WORK TASK → Lines from the line with "4月24日[日] 9時開店 パチンコレイアウト変更!" to the line with "and sewing process." in the entries below, and only those, must be output exactly, with both ends included.

[Items from a dataset]

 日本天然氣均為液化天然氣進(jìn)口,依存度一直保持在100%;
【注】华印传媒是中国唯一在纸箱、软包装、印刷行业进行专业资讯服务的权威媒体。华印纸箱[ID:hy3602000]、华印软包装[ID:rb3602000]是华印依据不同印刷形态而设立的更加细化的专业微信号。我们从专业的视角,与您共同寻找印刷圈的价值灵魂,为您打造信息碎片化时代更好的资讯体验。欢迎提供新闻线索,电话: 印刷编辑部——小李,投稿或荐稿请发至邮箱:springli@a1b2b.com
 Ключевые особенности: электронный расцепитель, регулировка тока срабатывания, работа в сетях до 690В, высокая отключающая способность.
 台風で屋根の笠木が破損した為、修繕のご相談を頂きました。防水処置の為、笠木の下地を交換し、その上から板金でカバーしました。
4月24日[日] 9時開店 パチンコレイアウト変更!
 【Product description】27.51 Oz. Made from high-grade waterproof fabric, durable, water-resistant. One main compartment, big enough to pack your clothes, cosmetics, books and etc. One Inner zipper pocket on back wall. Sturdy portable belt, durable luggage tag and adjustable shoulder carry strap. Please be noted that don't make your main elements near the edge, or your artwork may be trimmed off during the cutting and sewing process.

* * *

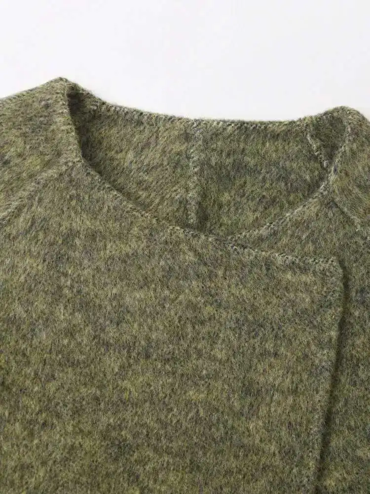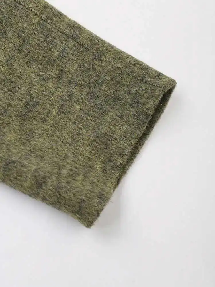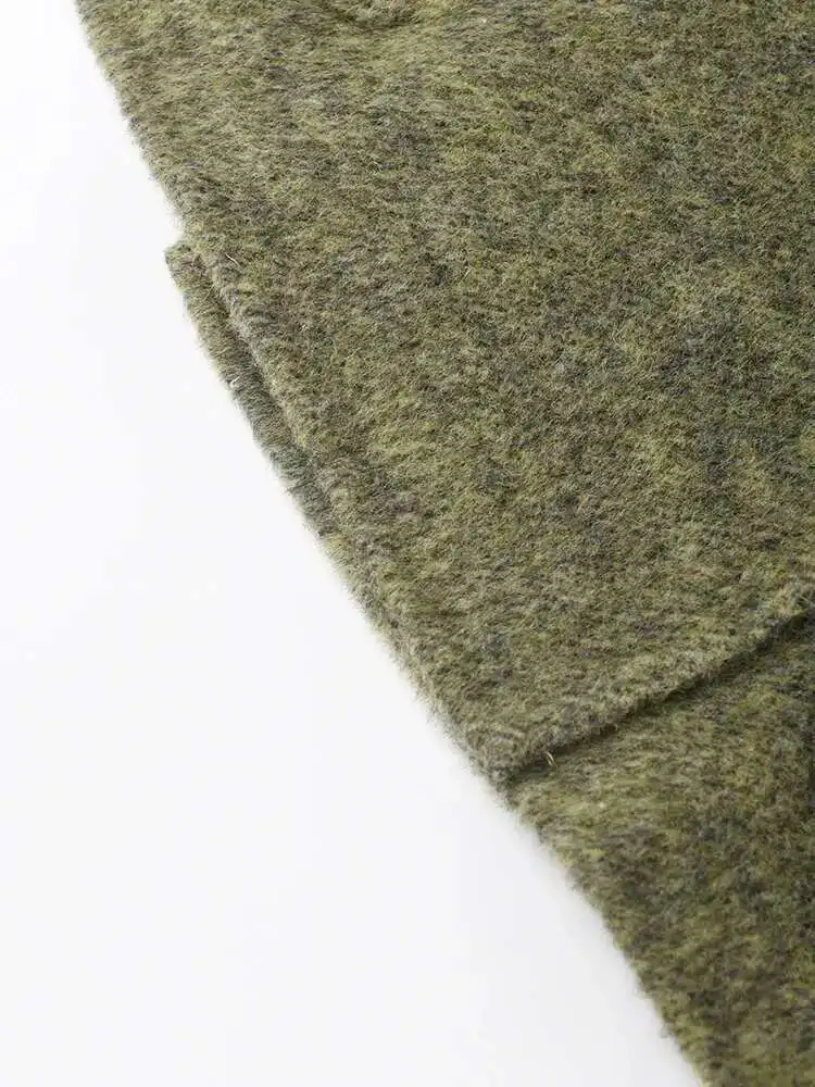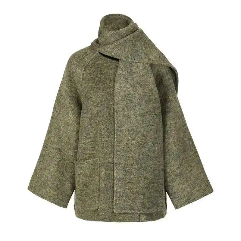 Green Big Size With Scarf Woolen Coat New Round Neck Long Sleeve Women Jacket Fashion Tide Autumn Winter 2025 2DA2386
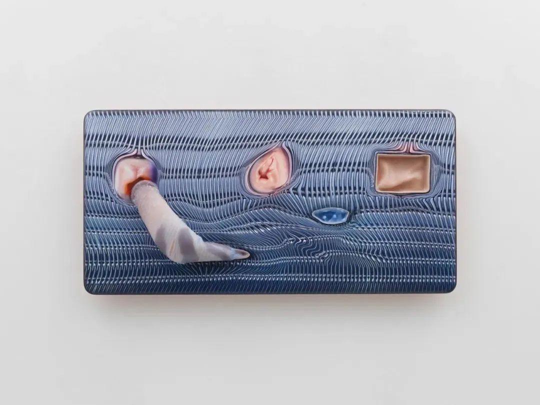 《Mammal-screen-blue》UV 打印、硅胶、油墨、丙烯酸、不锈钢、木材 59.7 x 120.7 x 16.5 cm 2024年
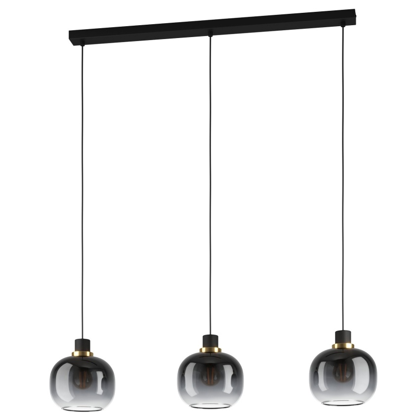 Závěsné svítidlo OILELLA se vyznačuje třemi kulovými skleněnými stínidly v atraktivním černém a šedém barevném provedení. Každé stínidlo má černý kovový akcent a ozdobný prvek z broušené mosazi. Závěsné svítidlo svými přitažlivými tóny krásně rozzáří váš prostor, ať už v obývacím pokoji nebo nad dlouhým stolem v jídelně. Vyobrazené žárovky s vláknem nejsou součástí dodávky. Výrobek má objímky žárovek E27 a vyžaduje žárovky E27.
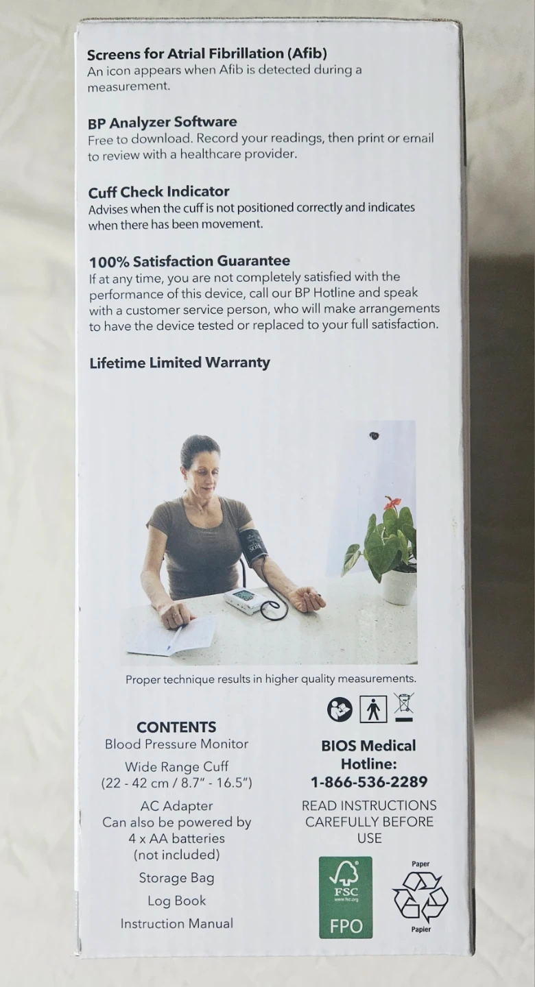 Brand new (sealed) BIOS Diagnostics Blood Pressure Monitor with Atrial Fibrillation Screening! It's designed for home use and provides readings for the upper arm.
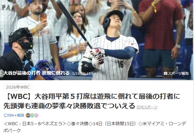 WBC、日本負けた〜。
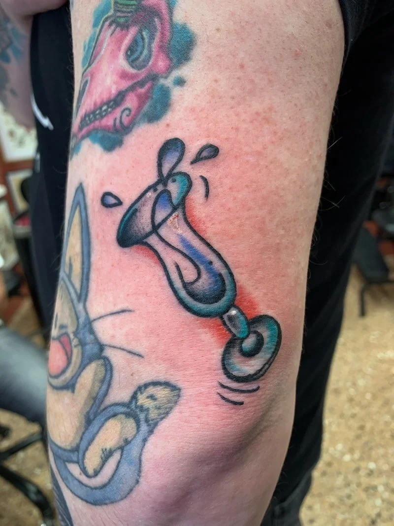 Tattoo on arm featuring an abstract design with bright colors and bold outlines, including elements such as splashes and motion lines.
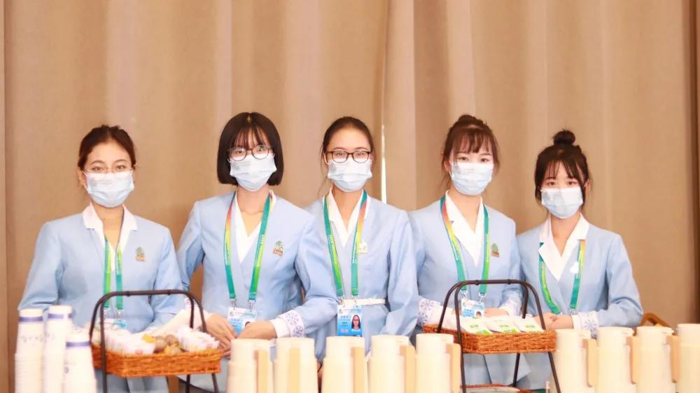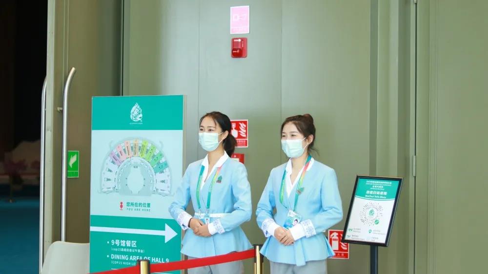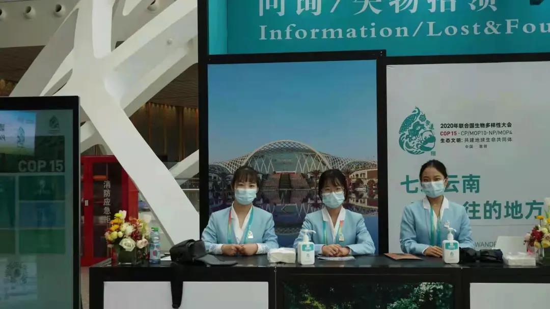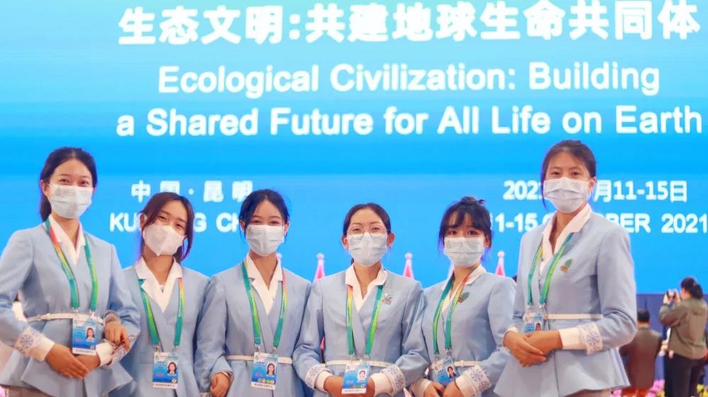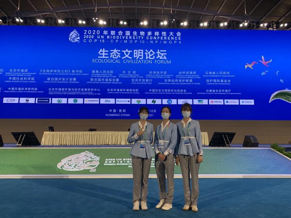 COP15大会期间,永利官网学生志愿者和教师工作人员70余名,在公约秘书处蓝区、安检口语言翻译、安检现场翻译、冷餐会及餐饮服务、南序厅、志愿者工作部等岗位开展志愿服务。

RESULT →
4月24日[日] 9時開店 パチンコレイアウト変更!
 【Product description】27.51 Oz. Made from high-grade waterproof fabric, durable, water-resistant. One main compartment, big enough to pack your clothes, cosmetics, books and etc. One Inner zipper pocket on back wall. Sturdy portable belt, durable luggage tag and adjustable shoulder carry strap. Please be noted that don't make your main elements near the edge, or your artwork may be trimmed off during the cutting and sewing process.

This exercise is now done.